» Directions for this task: Starting at the line that contains "分析:过O作OC垂直于AB,垂足为C点,根据垂径定理得到", transcribe every remaining line of the data below exactly, and omit all pictures.

» Source data:
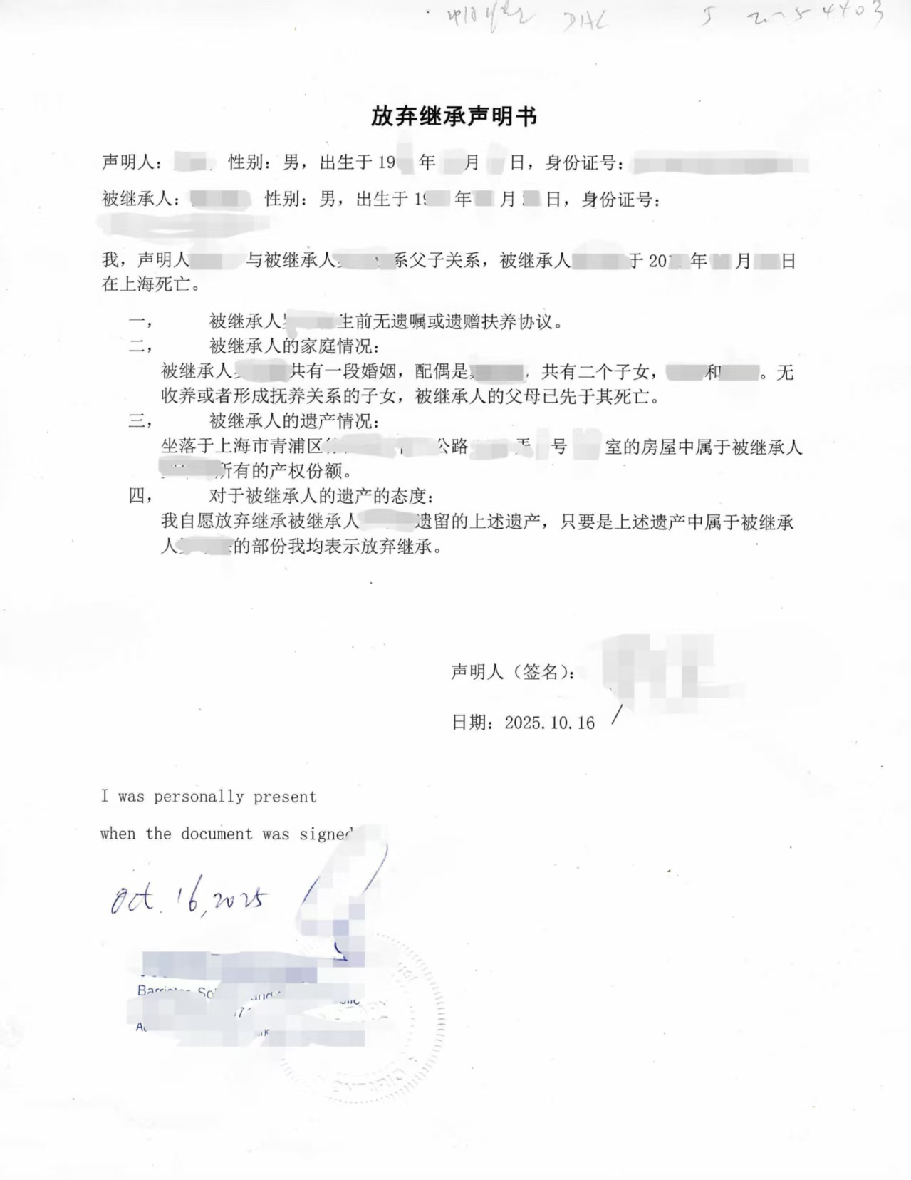 由于刘泽林长期定居加拿大,并无意继承父亲在中国的房产,为配合家属办理遗产继承及过户手续,他决定出具正式的放弃继承声明书。声明书中,刘泽林明确表示:自愿放弃对父亲遗留在上海的不动产部分的全部继承权;声明内容真实、明确且不可撤销,并确认已充分理解其法律后果。
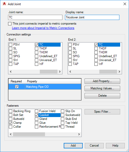 Joint types that support imperial to metric connections are distinct from same-unit joint types. This allows you to specify matching properties such as 150#, 10PN.
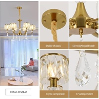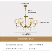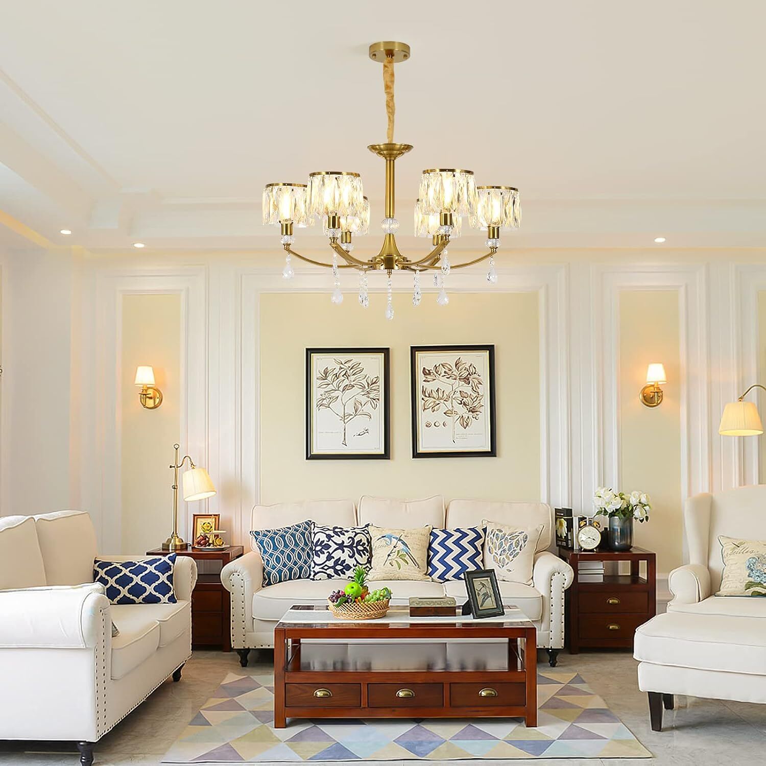 Gold Chandelier 6 Lights Wagon Wheel Clear Crystal
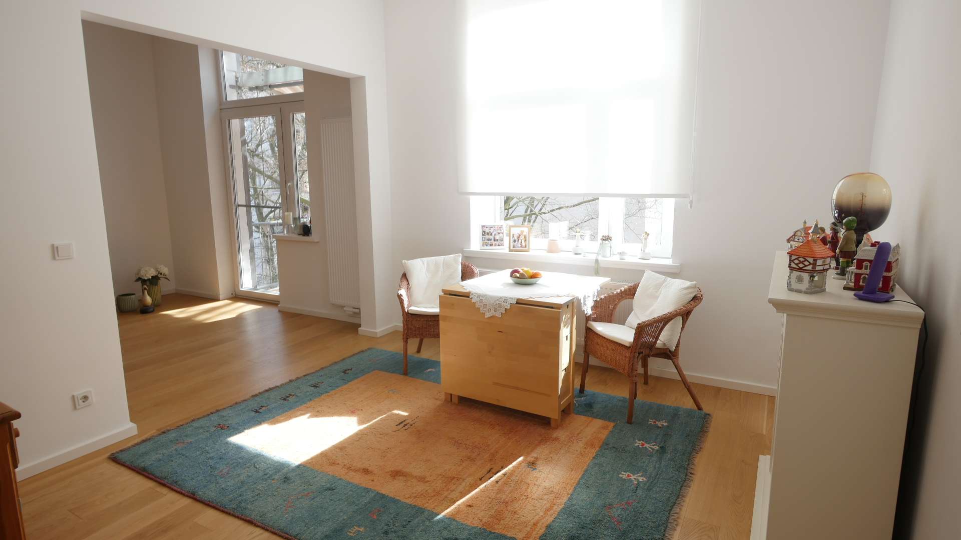 Wohnzimmer, Essbereich und Küche befinden sich in einem hellen, offenen Raum. Hier ist auch der Zugang zum schönen, großen Balkon mit Balkonmöbeln.
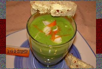 Versez le velouté réfrigéré en verres, garnissez de surimi et de zestes.
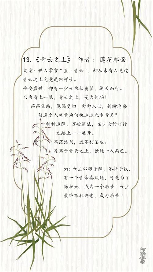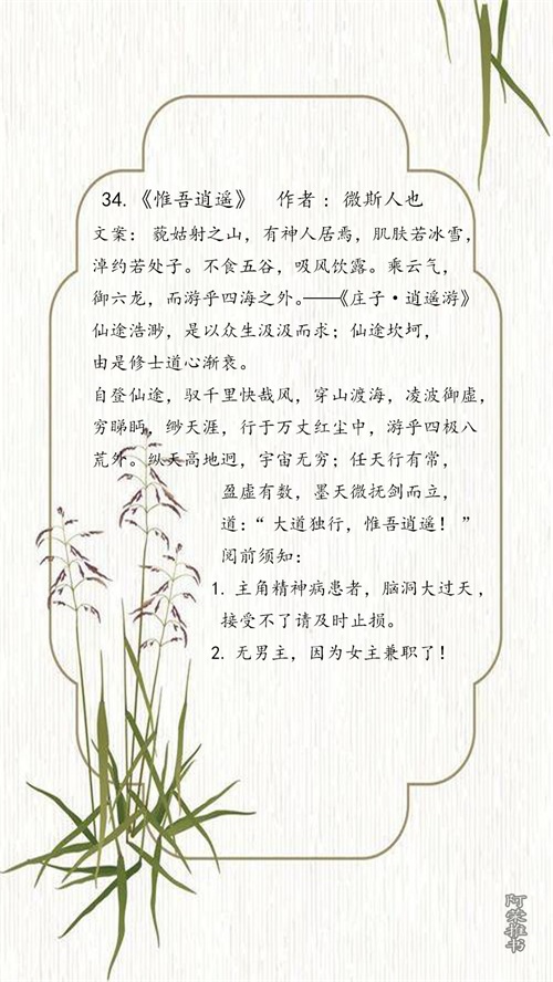 今天小编整理了以往看过的女频休仙小说。喜欢就请转发和收藏!
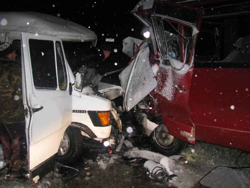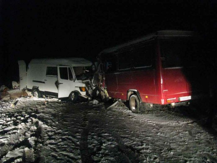 Вчера, в 20:30 минут, в Хмельницкой области на 56 км автодороги ''Новоград-Волынский - Староконстантинов'' водитель рейсового автобуса ''MERCEDES-BENZ 609'' не выбрал безопасную скорость, не справился с управлением и выехал на полосу встречного движения, где совершил столкновение с автомобилем ''MERCEDES-BENZ 310''.
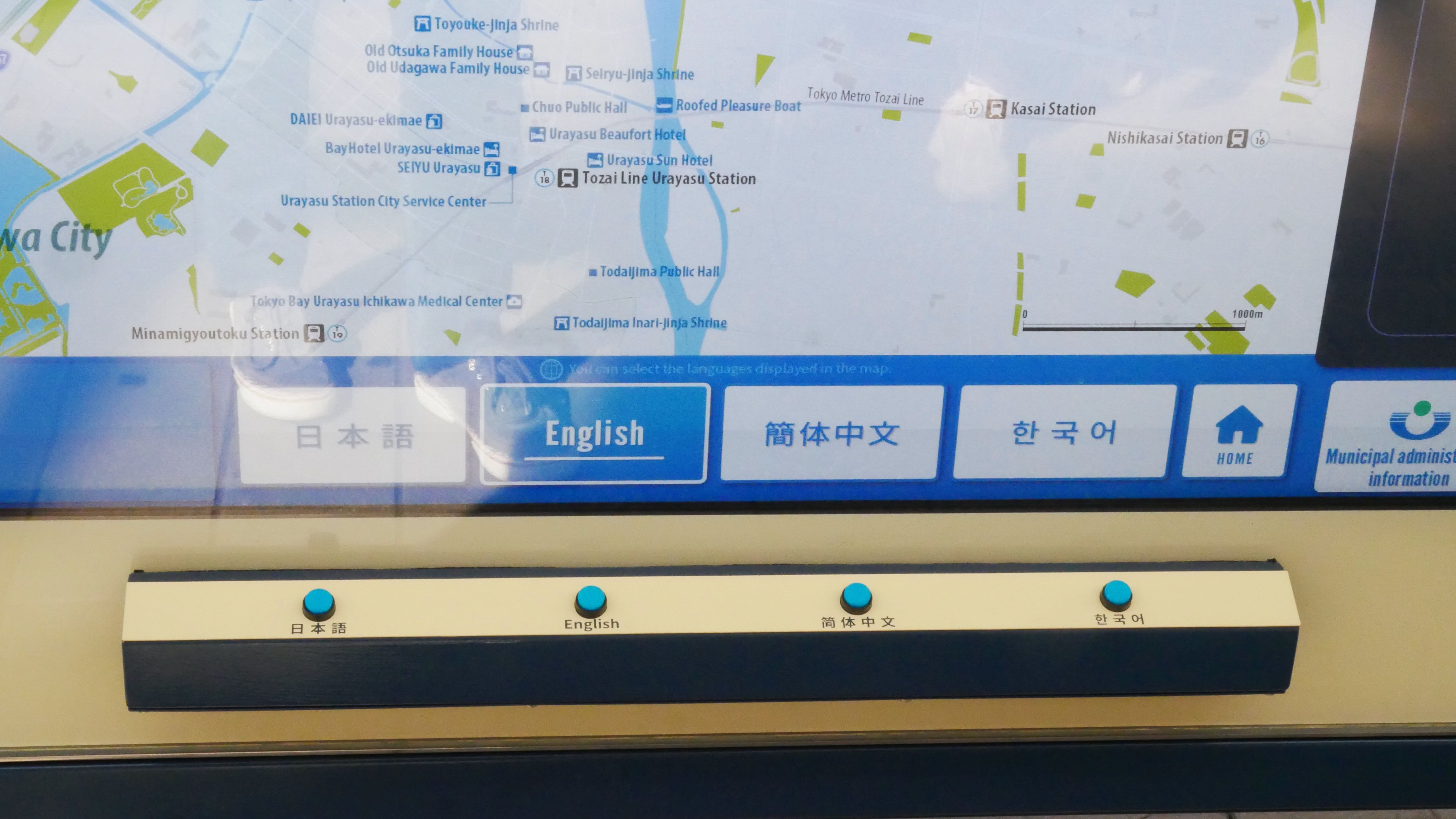 The map is available in Japanese, English, Mandarin, and Korean. We set it to English to take some pictures, but it resets to Japanese after a few minutes.
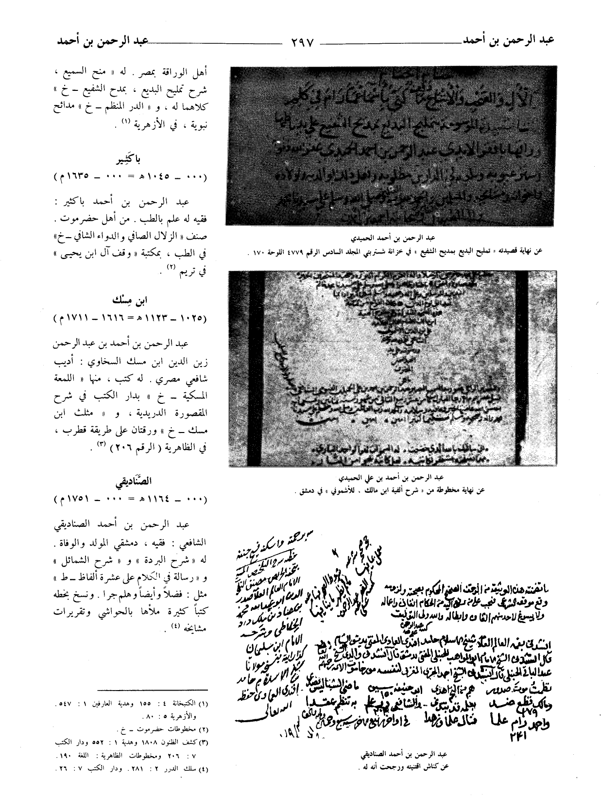 عبد الرحمن بن أحمد الصناديقي الشافعيّ: فقيه، دمشقي المولد والوفاة. له (شرح البردة) و (شرح الشمائل) و (رسالة في الكلام على عشرة ألفاظ - ط) مثل: فضلا وأيضا وهلم جرا.
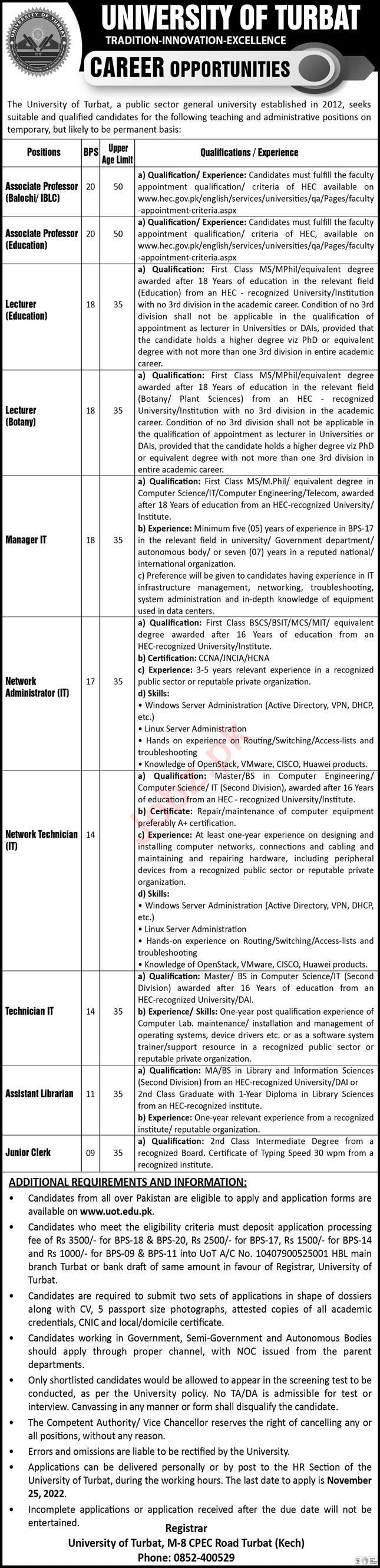 University of Turbat is looking for candidates for following posts as per job advertisement published in daily Express Newspaper of October 30, 2022 for location Turbat, turbat Balochistan Pakistan:
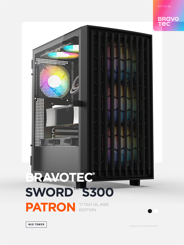 브라보텍에서 전면 풀메쉬 디자인과 측면 스윙도어 강화유리, 140mm RGB 팬 쿨러 4개 기본 탑재에 탁월한 확장성과 쿨링 퍼포먼스를 갖춘 PC 케이스 SWORD S300 PATRON 타이탄 글래스를 출시한다.
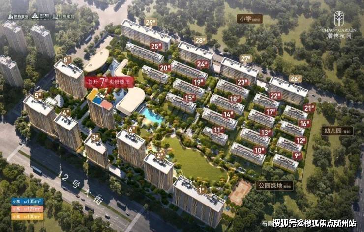 墅区小高层建筑面积约105-130㎡,为最大化景观面,突破性设计建筑面积约105㎡南向四开间。
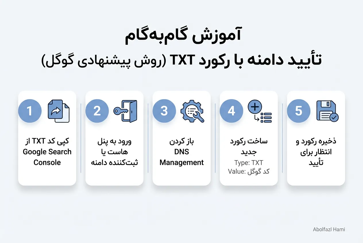 برای استفاده از این روش، گوگل باید مطمئن شود شما صاحب اصلی دامنه هستید. برای اثبات این موضوع، باید تغییری کوچک در تنظیمات DNS (اتاق فرمانِ دامنه شما) ایجاد کنید. نترسید! کار پیچیدهای نیست.
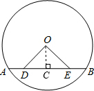 分析:过O作OC垂直于AB,垂足为C点,根据垂径定理得到C为AB的中点,可得AC=BC,又AD=BE,由DC=AC-AD,EC=BC-BE,利用等式的性质可得DC=EC,即OC垂直平分DE,利用线段垂直平分线的性质可得OD=OE.
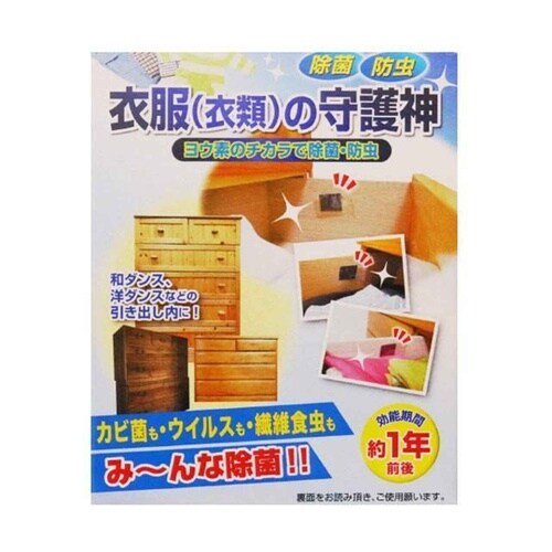 天然素材のヨウ素(ヨード)使用した、衣類用の防虫剤です。クローゼットやタンスの引き出しなどに適しています。両面テープで引き出しの内側などに貼ってお使いいただけます。カビの抑制、繊維虫の予防に。 |
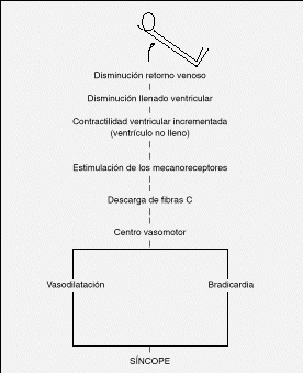 Cambios hemodinámicos y autonómicos que se producen al someter a la tabla basculante a un paciente neuralmente mediado. Modificado de Kauffmann H. Neurally mediated syncope. Neurology 1995; 45: S12-S18

» Result for this exercise:
 分析:过O作OC垂直于AB,垂足为C点,根据垂径定理得到C为AB的中点,可得AC=BC,又AD=BE,由DC=AC-AD,EC=BC-BE,利用等式的性质可得DC=EC,即OC垂直平分DE,利用线段垂直平分线的性质可得OD=OE.
 天然素材のヨウ素(ヨード)使用した、衣類用の防虫剤です。クローゼットやタンスの引き出しなどに適しています。両面テープで引き出しの内側などに貼ってお使いいただけます。カビの抑制、繊維虫の予防に。 |
 Cambios hemodinámicos y autonómicos que se producen al someter a la tabla basculante a un paciente neuralmente mediado. Modificado de Kauffmann H. Neurally mediated syncope. Neurology 1995; 45: S12-S18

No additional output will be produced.